Escrever Amaro foi, sem dúvida, uma das experiências mais difíceis e emocionantes que já vivi como compositor. A música nasceu da relação tão especial que tive com o meu avô e de todas as lembranças que construímos juntos ao longo da vida. Para compor a canção, precisei revisitar memórias que guardo com muito carinho. Foi um processo bonito, porque me reconectou a momentos de extrema alegria, amor e felicidade que vivi ao lado dele. Ao mesmo tempo, também foi doloroso perceber que esses momentos não podem mais ser revividos da mesma forma e hoje existem apenas na memória.
Foi a única música do EP que me emocionou profundamente durante a composição. Em diversos momentos, me vi tomado pelos sentimentos que aquelas lembranças despertavam. Talvez por isso Amaro seja uma das canções mais pessoais e sinceras que já escrevi. Meu avô sempre terá um espaço gigantesco no meu coração, e sei que sua presença continuará me acompanhando por toda a vida. Poder eternizar sua história e a importância que ele teve para mim através da música é algo que carrego com muito orgulho. Mais do que uma canção, Amaro é uma homenagem, uma lembrança permanente e uma forma de manter viva a conexão que sempre tivemos.

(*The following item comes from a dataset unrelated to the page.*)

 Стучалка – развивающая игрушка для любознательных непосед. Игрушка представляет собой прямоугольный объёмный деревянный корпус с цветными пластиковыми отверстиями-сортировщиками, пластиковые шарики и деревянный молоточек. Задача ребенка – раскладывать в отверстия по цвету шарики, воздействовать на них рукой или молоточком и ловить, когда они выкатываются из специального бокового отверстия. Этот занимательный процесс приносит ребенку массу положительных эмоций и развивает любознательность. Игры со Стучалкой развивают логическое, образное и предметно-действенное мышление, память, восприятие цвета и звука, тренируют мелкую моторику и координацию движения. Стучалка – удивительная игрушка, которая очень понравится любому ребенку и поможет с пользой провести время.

A faixa-título fala de um relacionamento intenso que, com o tempo, passa a ser questionado. O que te interessava explorar nessa passagem entre paixão, dúvida e amadurecimento emocional?
Fugacidade é uma música inspirada em uma experiência que vivi, então sua composição surgiu de forma muito natural, quase como um desabafo. A letra retrata um relacionamento que começa de maneira intensa e avassaladora, daqueles que parecem acontecer rápido demais para serem explicados. Com o passar do tempo, porém, toda essa intensidade dá lugar a questionamentos e incertezas. Os sentimentos continuam existindo, mas começam a surgir dúvidas sobre o que cada pessoa realmente sente e sobre qual será o destino daquela relação.

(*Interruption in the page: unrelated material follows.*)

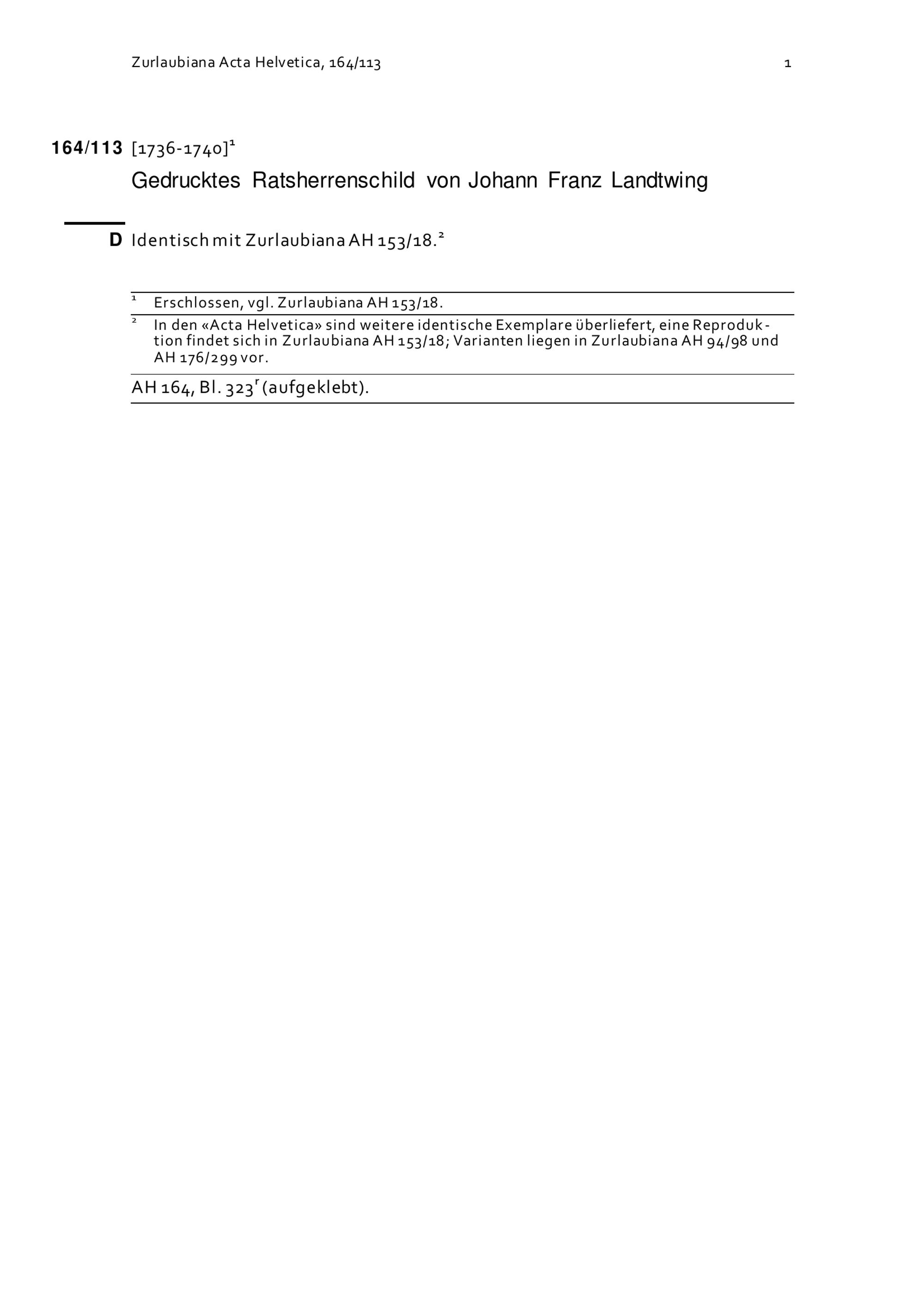 Acta Helvetica, Band 164

A música fala justamente sobre esse contraste entre a força do início e a fragilidade das certezas que vêm depois. É uma reflexão sobre como algumas histórias podem parecer enormes em um determinado momento e, ao mesmo tempo, carregar uma sensação constante de impermanência. Por isso, Fugacidade acabou se tornando uma das composições mais pessoais do EP, traduzindo emoções e questionamentos que fizeram parte da minha própria vivência.

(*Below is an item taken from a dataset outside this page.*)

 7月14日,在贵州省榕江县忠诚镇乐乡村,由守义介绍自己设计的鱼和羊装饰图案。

Você diz que deseja mostrar mais versatilidade como compositor e levar essas músicas a novos públicos e lugares. Quando pensa em “Fugacidade” ganhando vida fora do estúdio, que tipo de encontro espera criar com quem ouvir esse EP?
Minha maior expectativa é que este EP consiga alcançar pessoas independentemente do estilo musical que costumam ouvir. Mais do que números ou alcance, espero que as canções encontrem espaço na vida de quem as escuta, seja através da identificação com alguma história, da emoção despertada por uma letra ou simplesmente pela energia transmitida nas faixas mais agitadas.
Acredito que Fugacidade representa uma evolução muito clara em relação ao meu primeiro trabalho. As composições trazem uma abordagem mais madura, tanto nas letras quanto nas melodias, refletindo não apenas minhas experiências mais recentes, mas também a minha evolução como compositor e artista.
Se no EP Outros Tempos eu apresentava um olhar mais jovem e espontâneo sobre a vida, em Fugacidade busquei explorar sentimentos, reflexões e sonoridades de forma mais profunda e autêntica. Espero que esse novo trabalho me permita conquistar novos ouvintes, fortalecer a conexão com quem já acompanha minha trajetória e atrair pessoas que se identifiquem com a minha forma de fazer música. No fim das contas, o maior desejo de qualquer compositor é ver suas músicas ganhando vida através das pessoas, e é exatamente isso que espero que aconteça com Fugacidade.